If you like this site, see my recent campaign for collecting money for my works of fiction.

# What’s the Volume of a Dodecahedron?

The picture above shows a dodecahedron. It’s a solid body which has 12 perfect pentagons of the same size as its sides. I wondered what is the volume of such a body.

What is the volume of a dodecahedron with an edge-length of a? |

The solution can be found some space below:

## Solution:

Since a dodecahedron is a perfect solid with 12 identical sides at the same distance from its centre, we can divide it into twelve identical pyramids. The corner of each pyramid is found at the dodecahedron’s centre, and the base is one of the sides.

The volume of a pyramid is the area of the base multiplied by its height divided by 3. We can calculate the height by the angle between the base and one of the surface sides. Since two pyramids are adjacent at every edge of the dodecahedron, we can find it by taking the angle between two adjacent sides of the dodecahedron and dividing it by 2.

To find that, let’s take a corner of the dodecahedron, and form a triangle at the points which are at a certain distance along the edges. We get the following picture:

From point C, which is found somewhere along the edge, let’s lower
two perpendiculars to the edge, down to the edges of the base
triangle.

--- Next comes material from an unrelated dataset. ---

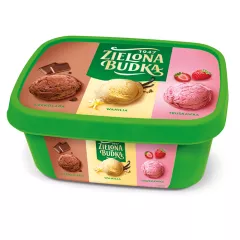 Dane produktowe Zielona Budka Lody czekolada wanilia truskawka 1000 ml Składniki: MLEKO odtłuszczone (odtworzone), cukier, tłuszcz kokosowy, syrop glukozowy, przecier truskawkowy 8 %, serwatka w proszku (z MLEKA), glukoza, czekolada 1 % (cukier, miazga kakaowa, tłuszcz kakaowy,...

We get the triangle CAB. Now since the surface sides of
this pyramid are isosceles triangles, and the angle of a perfect
pentagon is equal to:

$$ \frac{180° \cdot 3}{5} = 108° $$

Then the angle CDA is equal to:

$$ \frac{180°-108°}{2}=36° $$

Since angle ACD is a right angle, we find that CA (and CB) is equal to AD * sin(36°), and since the base triangle is perfect, AB is equal to AD. Thus, we know that:

\[ \frac{AE}{CA} = \frac{\frac{AB}{CA}}{2} = \frac{\frac{AD}{CA}}{2} = \frac{\frac{1}{\frac{CA}{AD}}}{2} = \frac{1}{2\sin{36°}} \]

Thus, the angle ACE, which is half the angle between two sides of the dodecahedron and the angle we seek, is equal to:

$$ \arcsin{\frac{1}{2 \sin{36°}}} $$

Approximately 58.28°.

Now, let’s take the look at a side pyramid of a dodecahedron and calculate its volume:

Since the angle of a perfect pentagon is equal to 108°, angle
OBA which is half of it is equal to 54°. Since AB is
**a**/2, OA is equal to tan(54°)***a**/2. Now, the base
of the pyramid is made of 5 equal triangles each of which has a
base of length **a** and a height of OA. Thus, the area of the
base is 5*(OA***a**/2) = 5*tan(54°)***a**/2***a**/2 =
5/4*tan(54°)***a**^2.

In the previous section we found out that the angle OAD is equal to arcsin(1/(2*sin(36°))), and therefore:

\[ OD = OA \cdot \tan{\left[\arcsin{\left(\frac{1}{2 \sin{36°}}\right)}\right]} = \frac{1}{2} \tan{54°} \tan{\left[\arcsin{\left(\frac{1}{2 \sin{36°}}\right)}\right]} \cdot {\bf a} \]

The volume of the pyramid is the area of its base multiplied by its height (OD) divided by 3 and so it is equal to:

\[ \frac{5}{4} \cdot \tan{54°} \cdot {\bf a}^2 \cdot \\* \frac{1}{2} \cdot tan{54°} \cdot \tan{\left[\arcsin{\left(\frac{1}{2 \sin{36°}}\right)}\right]} \cdot {\bf a} \cdot \frac{1}{3} = \\* \frac{5}{24} \cdot \tan^2{54°} \cdot \tan{\left[\arcsin{\left(\frac{1}{2 \sin{36°}}\right)}\right]} \cdot {\bf a}^3 \]

Since there are 12 such pyramids in a dodecahedron, its volume is equal to this volume multiplied by 12. Thus, we get that the volume of a dodecahedron is:

\[ \frac{5}{2} \cdot \tan{54°}^2 \cdot \tan{\left[\arcsin{\left(\frac{1}{2 \sin{36°}}\right)}\right]} \cdot {\bf a}^3 = ~7.66 * {\bf a}^3. \]